Тишина, притихла листва, беззвучно плывут облака в голубом полуденном небе…

— Ты ее убил! — закричала вдруг Поня, захлебываясь ужасом. — Она мертвая! Ты ее убил!

— Я не знал, — промямлил ошеломленный Питер. — Я еще никогда не целился ни во что живое. Только в метки бросал…

— Все равно, ты убил малиновку. А убивать запрещается.

— Знаю, — сказал Питер. — Знаю. что запрещается. Но ведь вы сами меня попросили попасть в нее. Вы мне показали. Вы…

— Я не говорила, чтобы ты ее убивал! — кричала Поня. — Я думала, ты ей просто дашь хорошего тычка. Напугаешь ее как следует. Она всегда такая важная, надутая была…

— Я же сказал вам, что палка сильно бьет.

Страх пригвоздил вебстера к месту.

Далеко и сильно, думал он. Далеко и сильно — быстро.

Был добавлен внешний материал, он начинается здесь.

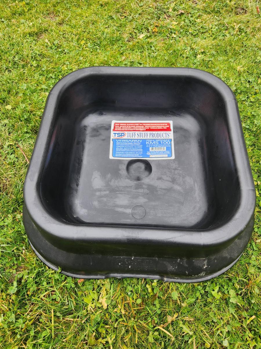 Tuff Stuff Products Versapan KMS100 pan designed for versatile fluid containment. Made of durable, high-density polyethylene, suitable for oil and fluid changes. Features a wide, stable base and reinforced side handles for easy handling. Measures 4.25 gallons (16.09 liters) capacity per the label. Ideal for automotive and general maintenance applications.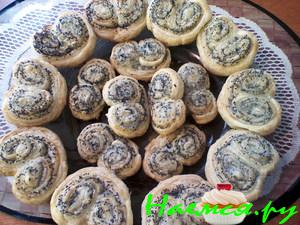 Другую половину разделить на полосочки. Посыпать маком и завернуть рулетом. Другие полосочки обсыпать сахаром и завернуть винтом.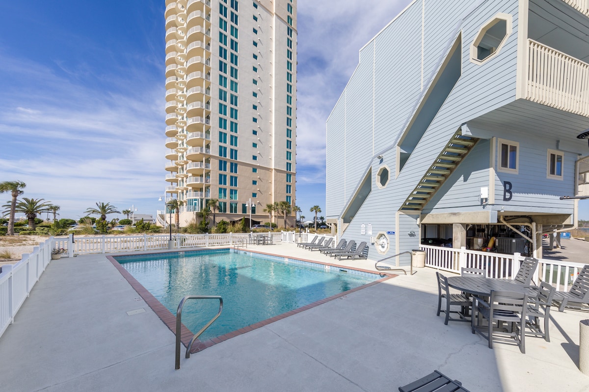 Diese Wohnung ist perfekt für einen Familienurlaub oder einen Kurzurlaub zu zweit. Es ist eine Wohnung mit 2 Schlafzimmern, 2 Badezimmern, im zweiten Stock in den Dolphin Villas, die eine großartige Lage hat, etwa 1,5 Meilen von den schönen Stränden mit dem öffentlichen Strandzugang entfernt. Viele Restaurants sind ganz in der Nähe (TackyJack's, OysterHouse, Lulu's...). Es gibt auch einen Lebensmittelladen und Walmart ganz in der Nähe. Du kannst in den nahegelegenen Wasserpark gehen, den Wharf oder Fort Morgan besuchen, in den Alabama Gulf Coast Zoo gehen oder den Tag am Strand entspannen.

— Не тревожься, дружище, — мягко произнес волк. — Мы знаем, что ты не нарочно. Это останется между нами. Мы никому не скажем.

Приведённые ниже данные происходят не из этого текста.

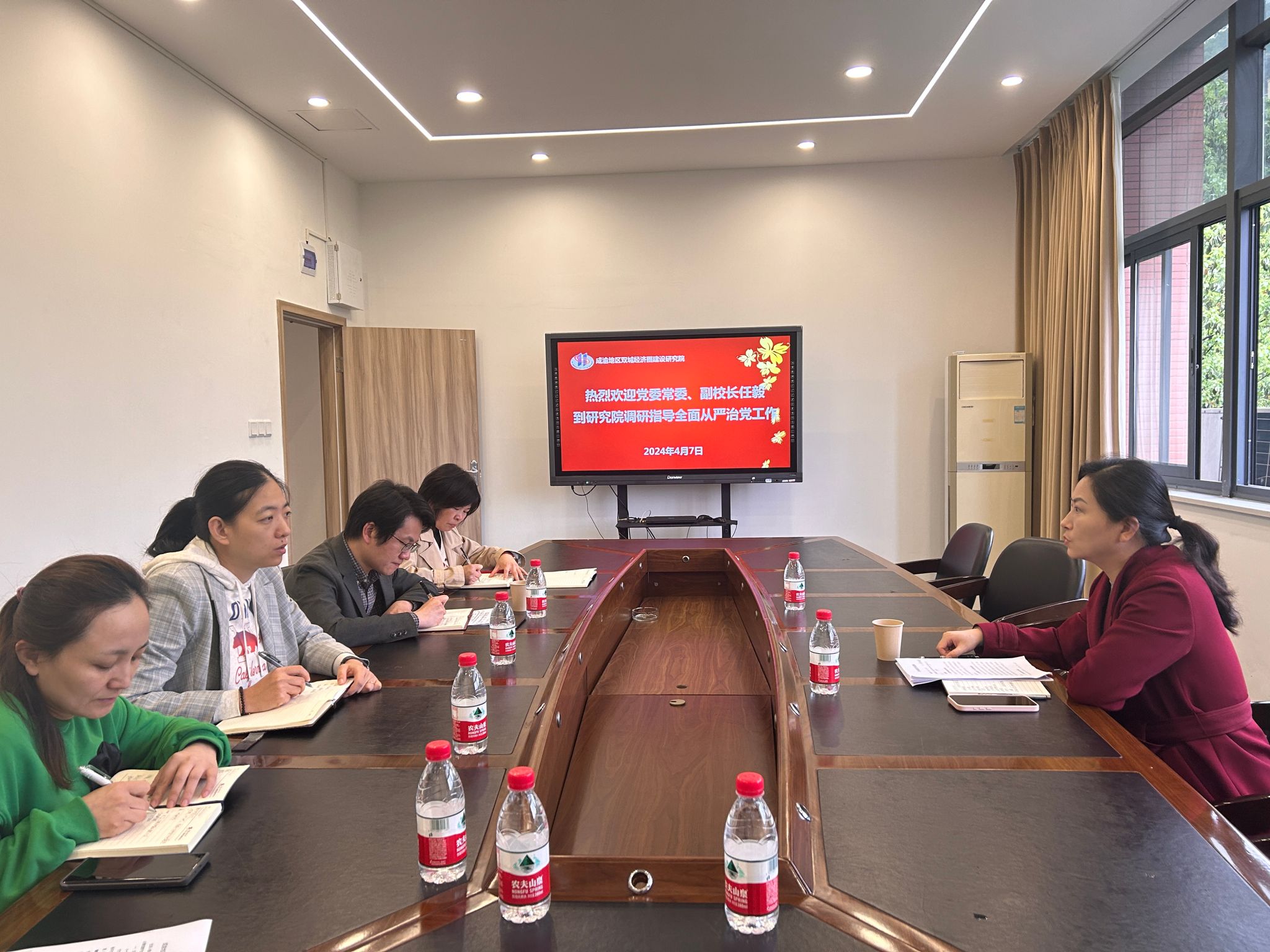 4月7日下午,学校党委常委、副校长任毅到yl23411永利(集团)有限公司官网调研指导全面从严治党工作。基地副主任易淼、基地科级干部、重点岗位人员参加了会议。

Поня прыгнула на дерево и запищала с ветки:

— Я скажу! Скажу вот Дженкинсу!

Волк цыкнул на нее с лютой ненавистью:

— Ты доносчица паршивая! Подлая сплетница!

— Скажу, скажу! — не унималась Поня. — Вот увидите! Скажу Дженкинсу.

Она стремглав поднялась по стволу, добежала до конца ветки и перескочила на другое дерево.

Волк сорвался с места.

— Куда? — осадил его Питер.

— Всю дорогу по деревьям ей не пробежать, — торопливо объяснил волк. — На лугу придется спуститься на землю. Ты не тревожься.

— Нет, — сказал Питер. — Не надо больше убийств. Хватит одного.

— Но ведь она в самом деле скажет.

Питер кивнул.

— Не сомневаюсь.

— А я могу ей помешать.

— Кто-нибудь увидит и донесет на тебя, — сказал Питер. — Нет, Лупус, я тебе не разрешаю.

— Тогда улепетывай поскорей. Я знаю место, где ты можешь спрятаться. Тысячу лет искать будут, не найдут.

— Ничего не выйдет. В лесу глаза есть. Слишком много глаз. Они скажут, куда я пошел. Прошли те времена, когда можно было спрятаться.